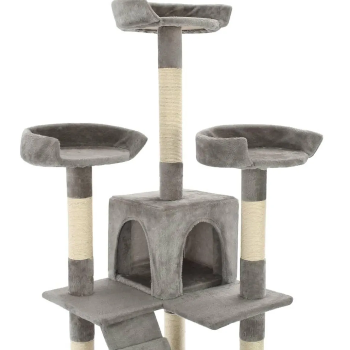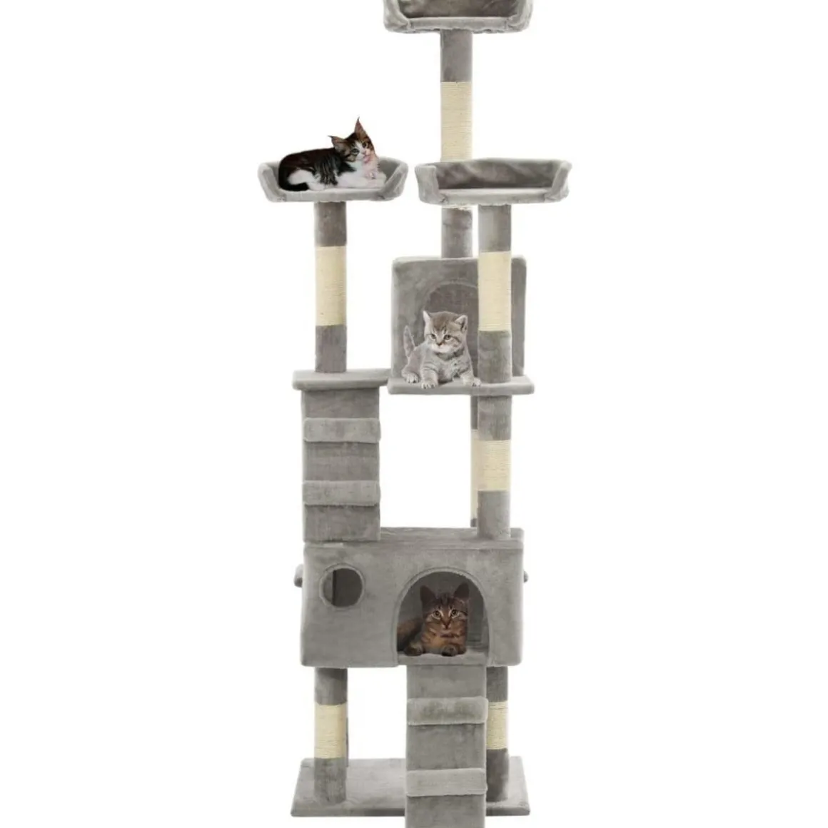 Vos amis felins peuvent aiguiser leurs griffes sur les poteaux a gratter enveloppes dans une corde de sisal, ce qui leur fournit un bon debouche pour leur instinct de gratter. Ils apprecieront egalement de se poursuivre en sautant dans ce centre de jeu amusant. Quand ils se seront suffisamment amuses, vos petits amis adoreront se reposer sur les plates-formes superieures ou ils auront une meilleure vue. Ils peuvent egalement se cacher dans les maisons confortables pour faire une sieste. Avec toutes ces fonctionnalites amusantes, cette tour pour chats deviendra le lieu de detente prefere de vos amis a quatre pattes ! L’arbre a chat est facile a assembler.
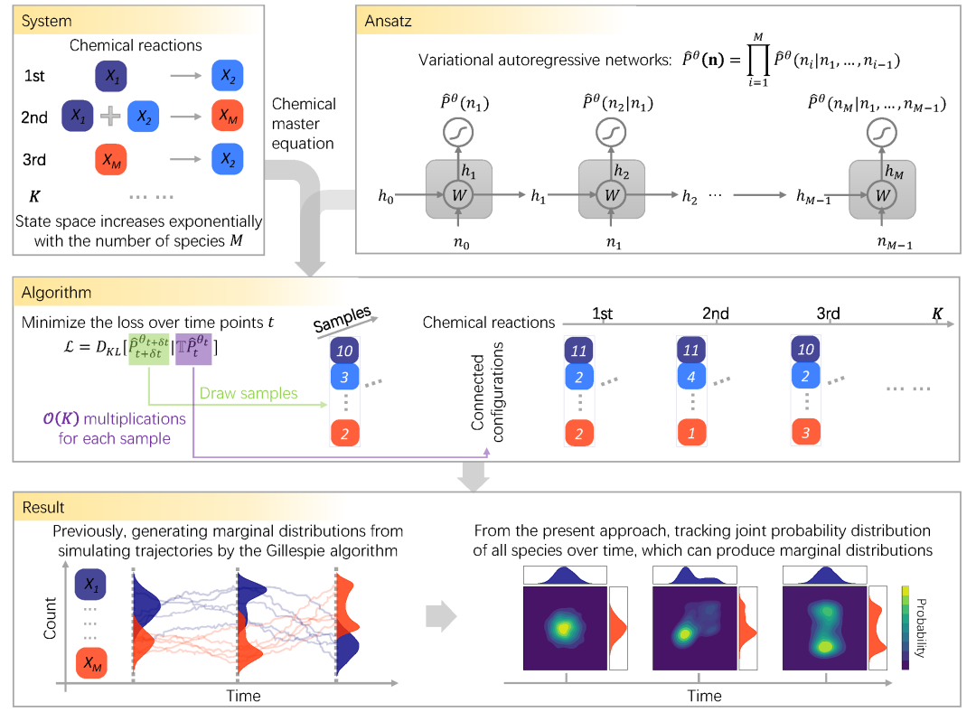 近日,中科院理论物理所彭桓武青年访问科学家、北京师范大学复杂系统国际科学中心的汤迎副研究员和学生翁佳钰与ld体育网页端 的张潘研究员合作,在Nature Machine Intelligence发表论文“Neural-network solutions to stochastic reaction networks”,提出了使用变分自回归网络来求解化学主方程的机器学习方法,提出用变分自回归神经网络(VAN)[1] 来研究随机反应网络中物种分子数的联合概率分布,刻画联合分布演化并求解化学主方程(图 1)。VAN是张潘研究员与合作者于2019年提出的神经网络变分方法,能够对统计物理微观构型进行有效采样,并计算不同构型的归一化概率,已被应用于统计物理学、量子多体系统、开放量子系统、量子电路和计算生物学。这项工作扩展了VAN以表征随机反应网络中物种分子数的联合概率分布。作为VAN的神经网络单元,作者采用了递归神经网络(RNN)和Transformer架构,它们可以灵活地表示高维概率分布并灵活调整物种分子数的上限。拓展的VAN也允许对每个物种添加物种分子数上限的约束,或者维持某些系统中物种分子总数守恒的约束,这都可以收缩概率空间以提高计算的准确性。新方法采用强化学习框架中的策略梯度算法训练自回归网络,不需要使用其他方法先验模拟的任何数据,给出了一个自动归一化分布作为任意有限时间内化学主方程的解,得到随时间演化的联合分布,提供了高维状态空间中每种构型在不同时刻的概率。此外,此方法在表示多峰分布方面表现出可塑性,对于物种分子数守恒的系统,具有随时间变化的反应速率的系统和高维系统均是非常有效的。
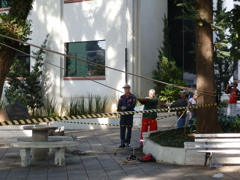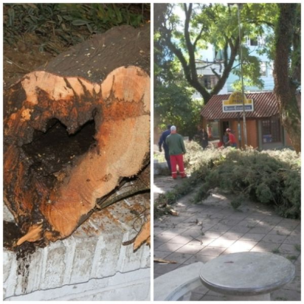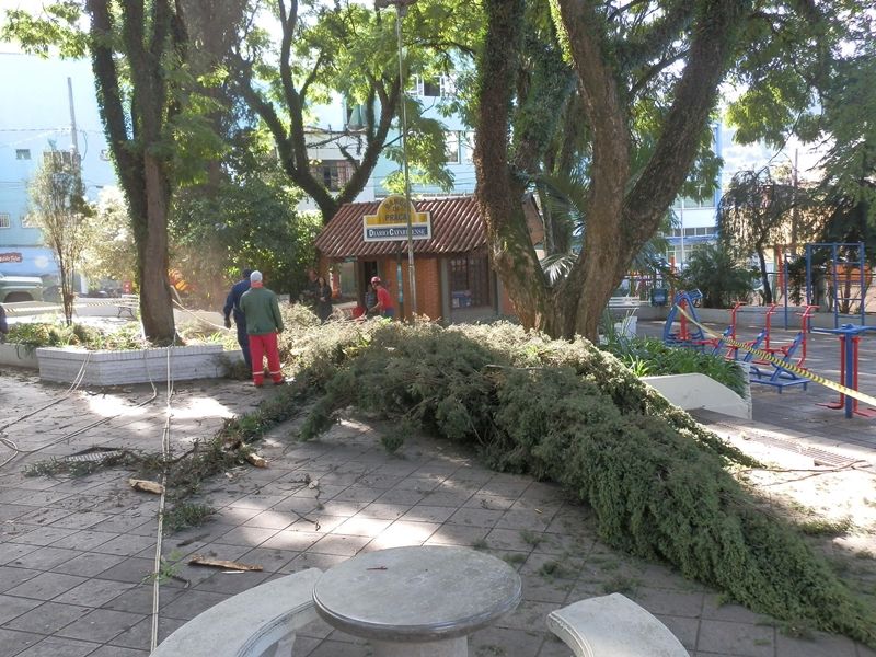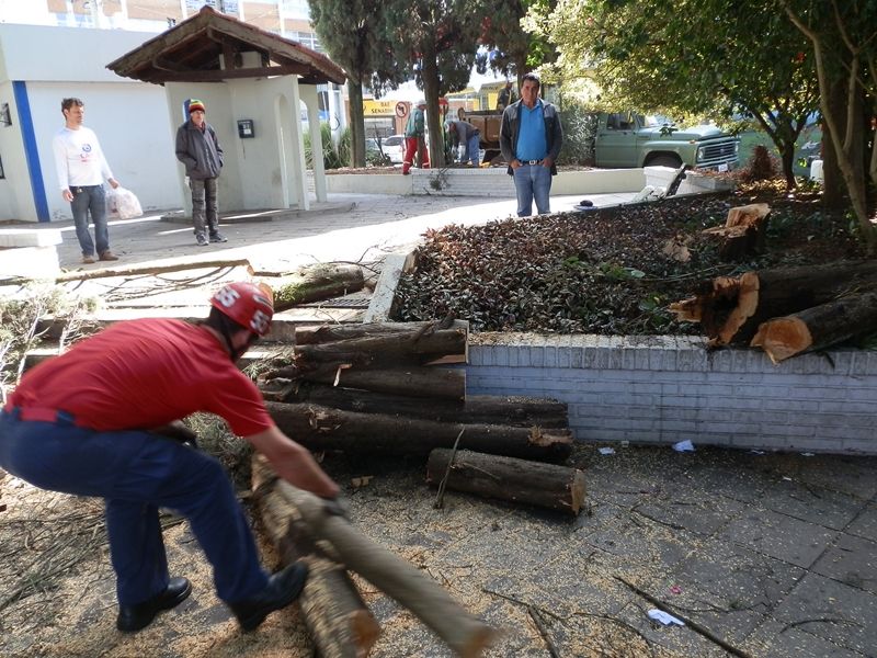 15/05/2012 Uma operação do Corpo de Bombeiros para o corte de uma árvore na praça Adolfo Konder em Joaçaba (praça da prefeitura) chamou a atenção na manhã desta terça-feira (15) de pessoas que passavam pelo local. A árvore, um cipreste, oferecia riscos para os frequentadores da praça, pois o tronco estava comprometido (fotos). Engenheiros da prefeitura realizaram uma vistoria e constataram através de laudo que a mesma deveria ser removida por medida preventiva. O Corpo de Bombeiros mobilizou a praça e cortou a árvore por volta das 10hs. As fotos mostram que o tronco já estava oco. O cipreste é muito utilizado como árvore ornamental e na produção de madeira.
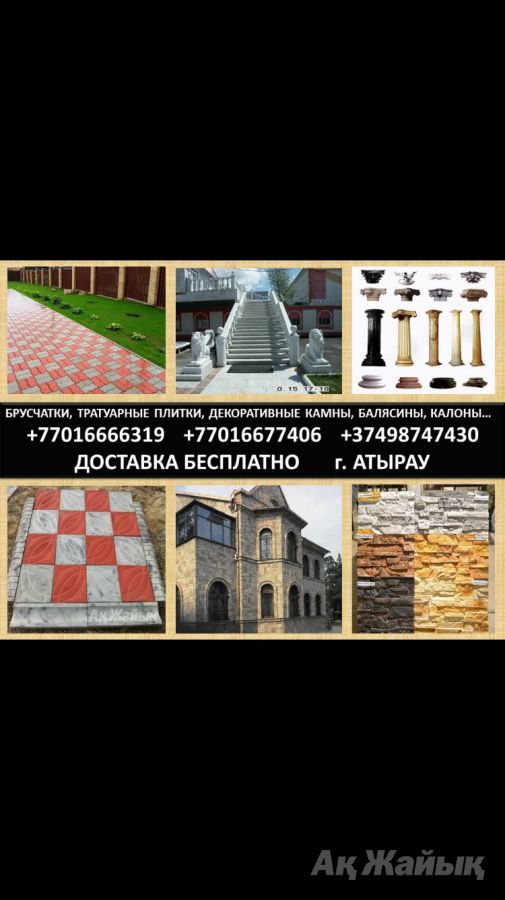 САМАЯ ВЫСОКОКАЧЕСТВЕННАЯ БРУСЧАТКА В АТЫРАУ!!! БРУСЧАТКИ БОЛЕ 18-И ВИДОВ И РАЗНЫХ ЦВЕТОВ, ТРОТУАРНЫЕ ПЛИТКИ (25X25 30X30 33X33 40X40 50X50), ДЕКОРАТИВНЫЕ КАМНИ(еще специальный разливной лак для декоративного камня - водостойкий, морозостойкий, глянцевый и матовый ), 3D ПАНЕЛИ, БАЛЯСИНЫ, ПЕРИЛЫ, ТУМБЫ,КОЛОННЫ, БОРДЮРЫ,ВОДОСТОКИ, ГАЗОБЛОКИ, ФОНТАНЫ, БЕТОННЫЕ СТРУКТУРЫ,ШЛЯПКИ ДЛЯ ЗАБОР И КОЛОН(42X42, 45X45, 50X50, 60X60), ВАЗЫ ДЛЯ ЦВЕТЫ И ДРУГИЕ БЕТОННЫЕ ИЗДЕЛИЯ. ВСЕ ИЗ БУРОВОГО ЦЕМЕНТА. А ТАКЖЕ МЫ ПРЕДЛАГАЕМ ВАМ ИСКУССТВЕННЫЕ ГАЗОНЫ.ДОСТАВКА, ДИЗАЙН И ЗАМЕР БЕСПЛАТНО!!! РАБОТАЕМ БЕЗ ВЫХОДНЫХ БЕЗ ОБЕДА!!! НАШ АДРЕС г.АТЫРАУ НОВОСТРОЙКЕ СЗАДИ ЕВРАЗИЯ АВТОМОЙКЕ Имеется опытные мастера по укладке брусчатки и декоративных камней. https://www.youtube.com/watch?v=3UoZwxBltOE https://plus.google.com/113746165400526217244/photosТелефоны (8701)6666319, (8778)6666681, (8702)4440042, (87122)396298
************
=== Problem to solve ===
Line by line, write out the data above exactly, without the pictures.

=== Your response ===
 Vos amis felins peuvent aiguiser leurs griffes sur les poteaux a gratter enveloppes dans une corde de sisal, ce qui leur fournit un bon debouche pour leur instinct de gratter. Ils apprecieront egalement de se poursuivre en sautant dans ce centre de jeu amusant. Quand ils se seront suffisamment amuses, vos petits amis adoreront se reposer sur les plates-formes superieures ou ils auront une meilleure vue. Ils peuvent egalement se cacher dans les maisons confortables pour faire une sieste. Avec toutes ces fonctionnalites amusantes, cette tour pour chats deviendra le lieu de detente prefere de vos amis a quatre pattes ! L’arbre a chat est facile a assembler.
 近日,中科院理论物理所彭桓武青年访问科学家、北京师范大学复杂系统国际科学中心的汤迎副研究员和学生翁佳钰与ld体育网页端 的张潘研究员合作,在Nature Machine Intelligence发表论文“Neural-network solutions to stochastic reaction networks”,提出了使用变分自回归网络来求解化学主方程的机器学习方法,提出用变分自回归神经网络(VAN)[1] 来研究随机反应网络中物种分子数的联合概率分布,刻画联合分布演化并求解化学主方程(图 1)。VAN是张潘研究员与合作者于2019年提出的神经网络变分方法,能够对统计物理微观构型进行有效采样,并计算不同构型的归一化概率,已被应用于统计物理学、量子多体系统、开放量子系统、量子电路和计算生物学。这项工作扩展了VAN以表征随机反应网络中物种分子数的联合概率分布。作为VAN的神经网络单元,作者采用了递归神经网络(RNN)和Transformer架构,它们可以灵活地表示高维概率分布并灵活调整物种分子数的上限。拓展的VAN也允许对每个物种添加物种分子数上限的约束,或者维持某些系统中物种分子总数守恒的约束,这都可以收缩概率空间以提高计算的准确性。新方法采用强化学习框架中的策略梯度算法训练自回归网络,不需要使用其他方法先验模拟的任何数据,给出了一个自动归一化分布作为任意有限时间内化学主方程的解,得到随时间演化的联合分布,提供了高维状态空间中每种构型在不同时刻的概率。此外,此方法在表示多峰分布方面表现出可塑性,对于物种分子数守恒的系统,具有随时间变化的反应速率的系统和高维系统均是非常有效的。
 15/05/2012 Uma operação do Corpo de Bombeiros para o corte de uma árvore na praça Adolfo Konder em Joaçaba (praça da prefeitura) chamou a atenção na manhã desta terça-feira (15) de pessoas que passavam pelo local. A árvore, um cipreste, oferecia riscos para os frequentadores da praça, pois o tronco estava comprometido (fotos). Engenheiros da prefeitura realizaram uma vistoria e constataram através de laudo que a mesma deveria ser removida por medida preventiva. O Corpo de Bombeiros mobilizou a praça e cortou a árvore por volta das 10hs. As fotos mostram que o tronco já estava oco. O cipreste é muito utilizado como árvore ornamental e na produção de madeira.
 САМАЯ ВЫСОКОКАЧЕСТВЕННАЯ БРУСЧАТКА В АТЫРАУ!!! БРУСЧАТКИ БОЛЕ 18-И ВИДОВ И РАЗНЫХ ЦВЕТОВ, ТРОТУАРНЫЕ ПЛИТКИ (25X25 30X30 33X33 40X40 50X50), ДЕКОРАТИВНЫЕ КАМНИ(еще специальный разливной лак для декоративного камня - водостойкий, морозостойкий, глянцевый и матовый ), 3D ПАНЕЛИ, БАЛЯСИНЫ, ПЕРИЛЫ, ТУМБЫ,КОЛОННЫ, БОРДЮРЫ,ВОДОСТОКИ, ГАЗОБЛОКИ, ФОНТАНЫ, БЕТОННЫЕ СТРУКТУРЫ,ШЛЯПКИ ДЛЯ ЗАБОР И КОЛОН(42X42, 45X45, 50X50, 60X60), ВАЗЫ ДЛЯ ЦВЕТЫ И ДРУГИЕ БЕТОННЫЕ ИЗДЕЛИЯ. ВСЕ ИЗ БУРОВОГО ЦЕМЕНТА. А ТАКЖЕ МЫ ПРЕДЛАГАЕМ ВАМ ИСКУССТВЕННЫЕ ГАЗОНЫ.ДОСТАВКА, ДИЗАЙН И ЗАМЕР БЕСПЛАТНО!!! РАБОТАЕМ БЕЗ ВЫХОДНЫХ БЕЗ ОБЕДА!!! НАШ АДРЕС г.АТЫРАУ НОВОСТРОЙКЕ СЗАДИ ЕВРАЗИЯ АВТОМОЙКЕ Имеется опытные мастера по укладке брусчатки и декоративных камней. https://www.youtube.com/watch?v=3UoZwxBltOE https://plus.google.com/113746165400526217244/photosТелефоны (8701)6666319, (8778)6666681, (8702)4440042, (87122)396298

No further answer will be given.